The following is a piece of writing submitted by Brian Sloan on September 1, 2011
"I actually kind of liked this one. I enjoyed it, as I have enjoyed all the others, but I'm actually not feeling too bad about the final product."

Back to School

Stress. That's all I can think. Thank God it's finally over.
The "got to have it" items have been had. The clothes? Bought. The shoes, notebooks, and sparkly pens, all purchased. We're finally ready to go.
She is, of course, wearing clothes she's had for a year. None of the new stuff will be used, and if used at all, it'll be sparsely. We understand that. It's part of the routine.
I watch as my little girl, all smiles and nervousness, prepares to head off to class. She's got all new teachers, and nobody knows how it'll go. She says she hopes math class isn't too hard. I know that no matter what I'll be busy from four until six helping her with the homework, but that's part of the job, right?
We've finished all the last minute shopping, all the last minute preparation. All the summer projects are blissfully completed, edited, and refined. I just want to sleep.
But no, there's no sleep. While she's had a few months off and she'll be complaining about her workload, I've got to go back to work, slaving away for eight hours a day with an hour long commute both ways. There's no rest for the wicked, as I'll indubitably become over these next few days as I'm bound to have made some life-or-death error, forgetting one critical "must have" school supply that I somehow didn't think to buy, and of course she didn't tell me because how could I not have thought of it?
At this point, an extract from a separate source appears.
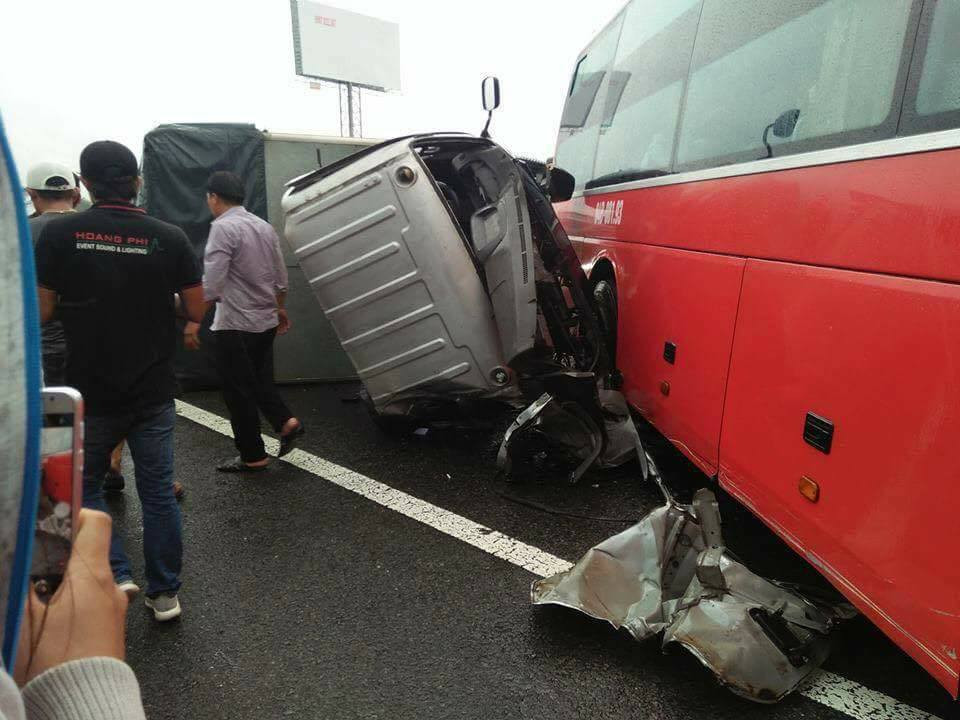 Đúng lúc này, 2 ô tô khác từ phía sau chạy tới không kịp xử lý nên tông liên tiếp với 2 xe gặp nạn.

It's not like I thought of everything else.
I smile tiredly as she runs off, all full of energy and excitement and fear and wonder at once. The joys and sorrows of youth. How things change as you watch them from another perspective.
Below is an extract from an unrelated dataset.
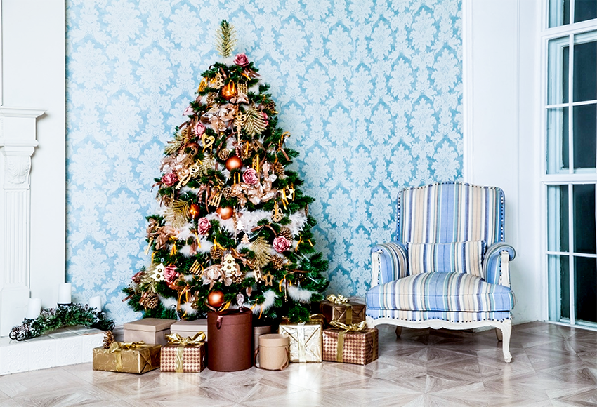 Toile de fond de photographie de festival de Noël de sofa de mur bleu

After I work my mundane job again for the billionth day and the hundred billionth hour, I come home to pick her up. Of course, the teachers have each given a laundry list of things that might get used once in the class that we somehow didn't think to buy. A binder for each class, with a hundred section divisions. How long will this binder be used? How long before it sits in the corner, untouched? A waste, of course--we have binders from previous years that would do just fine. But no, this needs to be a new binder. It has to be a specific size, and "but that one is ugly I don't want kids to laugh at me." Of course, neither do I, so we purchase the thing. And the next item that we have, but it just isn't good enough. More pencils, more pens. Erasers. I sigh as with each item I know exactly which drawer I'll be storing it in for the next seven years, until I go clean it all out, throwing away the once-useful items that consumerism has forced us to purchase and repurchase and forget. Somewhere in Africa, children are starving. If only we could feed them on erasers.